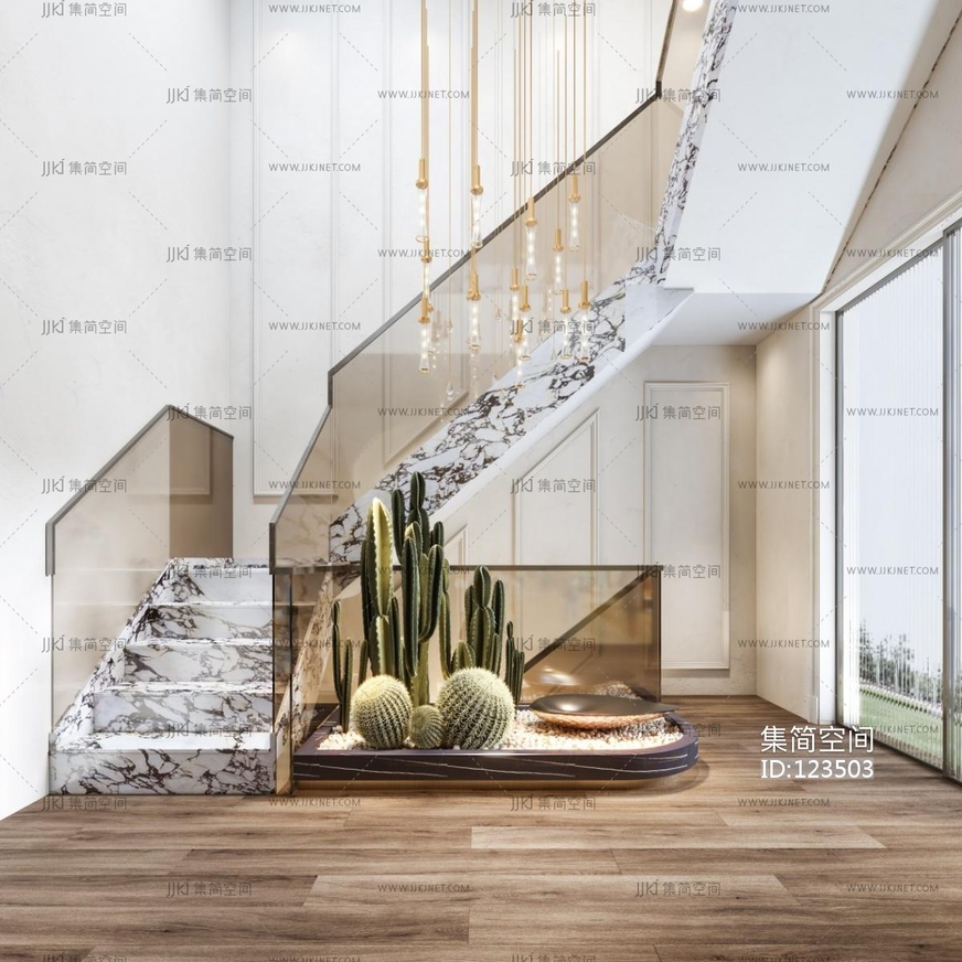 楼梯间,大型水景吊灯,盆栽植物3d模型下载
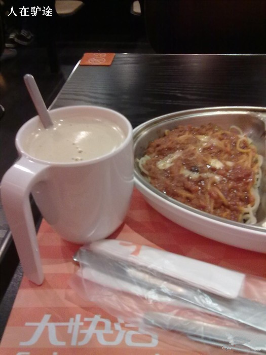 大快活餐厅是晚餐好选择!因为六点半之后有特价套餐~咖喱牛腩饭,配低糖冻绿茶~这杯饮料非常赞,不知道配方是什么,自己冲的茶叶吗?比市面上统一或者康师傅的茶饮料都好很多!也是为什么我喜欢这家店的原因~牛腩太少咖喱也没什么味道!铁锅肉酱鸡扒意粉~这个锅好小啊,而且下面空间不多,吃不饱……有WIFI,速度快~还可以买到便宜五毛钱到一块钱的跟餐五羊雪糕!查看更多
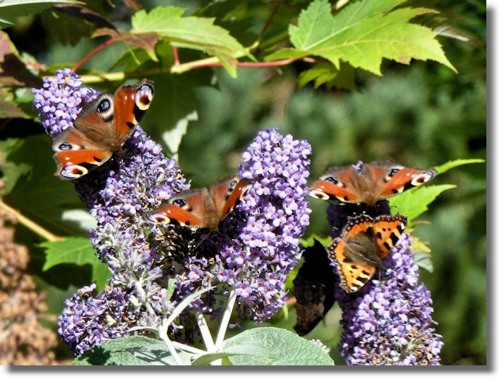 As noted earlier, 2012 has been a very poor year for butterflies in Scotland - these insects thrive in warm sunshine and that is something that has been in extremely short supply. So I was very surprised on a visit to Drumpellier Country Park on a sunny August day, to see a good number of butterflies flitting around some buddleja bushes in the Peace Garden there. We counted over a dozen Peacocks and a few Small Tortoiseshell and a Red Admiral there on that sunny afternoon. Of course, I took lots of photos, particularly ones that showed the flowers crowded with butterflies, such as the one above. There are three Peacocks and a Small Tortoiseshell in this shot.
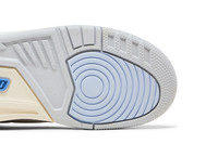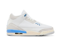Made for big kids, the Air Jordan 3 Retro GS 'Lucky Shorts' references Michael Jordan's habit of wearing UNC practice shorts beneath his regular Chicago Bulls uniform during every game. This AJ3 sports a white tumbled leather upper with Photon Dust suede overlays and molded eyelets in Carolina blue. Jumpman branding adorns the tongue, sockliner and heel tab. Lightweight cushioning arrives via a vintage off-white polyurethane midsole, featuring visible Air-sole cushioning and a splash of Legend Blue along the heel. UPPER MATERIAL Leather
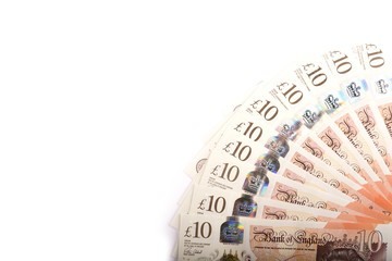 10 British pounds bills lies isolated on white background with copy space stacked in fan close up
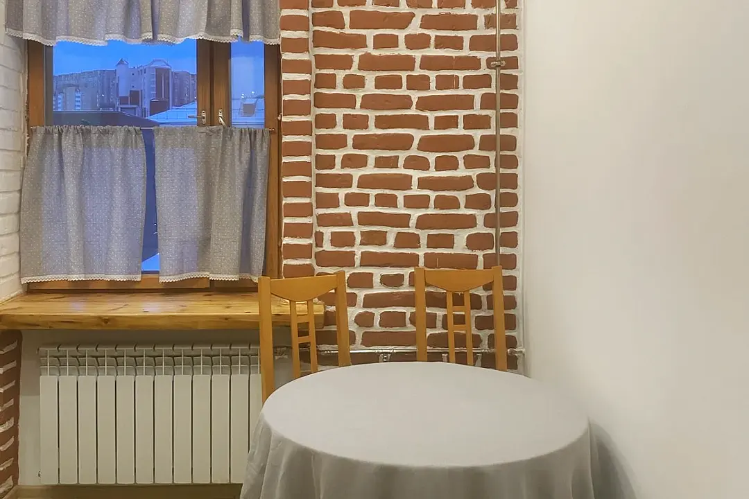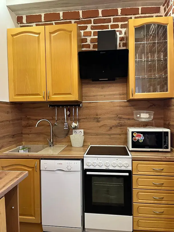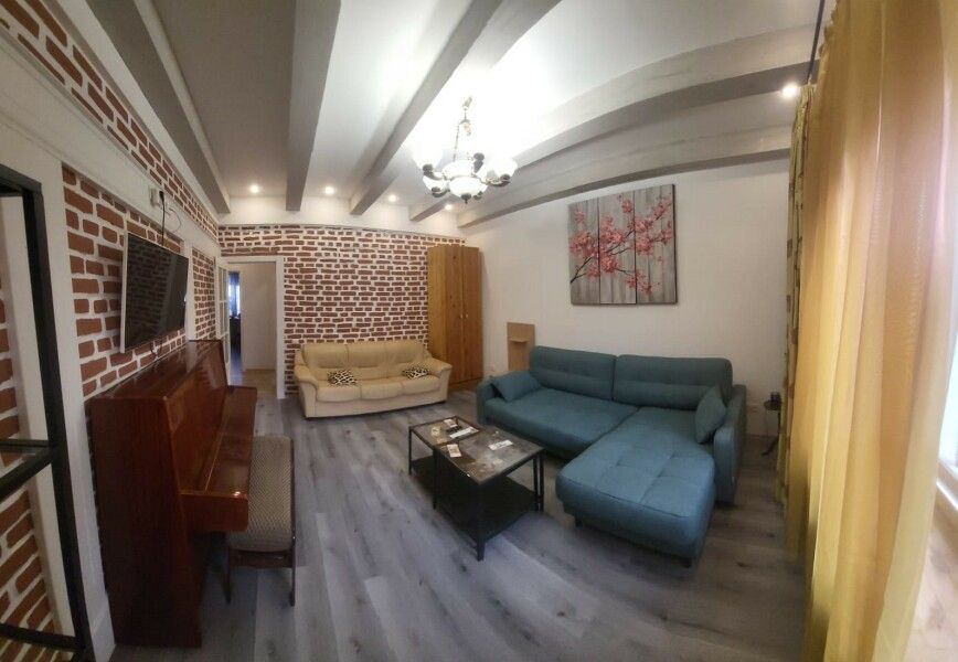 Просторная светлая гостиная сочетает комфорт и функциональность. Кухня полностью укомплектована всем необходимым, что делает процесс приготовления пищи приятным и простым. Высокие потолки и открытые фактуры стен придают интерьеру особый шарм.

───

> PROMPT
Only the text of the listing above is wanted, transcribed exactly, without its images.

> WRITTEN SOLUTION
 楼梯间,大型水景吊灯,盆栽植物3d模型下载
 大快活餐厅是晚餐好选择!因为六点半之后有特价套餐~咖喱牛腩饭,配低糖冻绿茶~这杯饮料非常赞,不知道配方是什么,自己冲的茶叶吗?比市面上统一或者康师傅的茶饮料都好很多!也是为什么我喜欢这家店的原因~牛腩太少咖喱也没什么味道!铁锅肉酱鸡扒意粉~这个锅好小啊,而且下面空间不多,吃不饱……有WIFI,速度快~还可以买到便宜五毛钱到一块钱的跟餐五羊雪糕!查看更多
 As noted earlier, 2012 has been a very poor year for butterflies in Scotland - these insects thrive in warm sunshine and that is something that has been in extremely short supply. So I was very surprised on a visit to Drumpellier Country Park on a sunny August day, to see a good number of butterflies flitting around some buddleja bushes in the Peace Garden there. We counted over a dozen Peacocks and a few Small Tortoiseshell and a Red Admiral there on that sunny afternoon. Of course, I took lots of photos, particularly ones that showed the flowers crowded with butterflies, such as the one above. There are three Peacocks and a Small Tortoiseshell in this shot.
Made for big kids, the Air Jordan 3 Retro GS 'Lucky Shorts' references Michael Jordan's habit of wearing UNC practice shorts beneath his regular Chicago Bulls uniform during every game. This AJ3 sports a white tumbled leather upper with Photon Dust suede overlays and molded eyelets in Carolina blue. Jumpman branding adorns the tongue, sockliner and heel tab. Lightweight cushioning arrives via a vintage off-white polyurethane midsole, featuring visible Air-sole cushioning and a splash of Legend Blue along the heel. UPPER MATERIAL Leather
 10 British pounds bills lies isolated on white background with copy space stacked in fan close up
 Просторная светлая гостиная сочетает комфорт и функциональность. Кухня полностью укомплектована всем необходимым, что делает процесс приготовления пищи приятным и простым. Высокие потолки и открытые фактуры стен придают интерьеру особый шарм.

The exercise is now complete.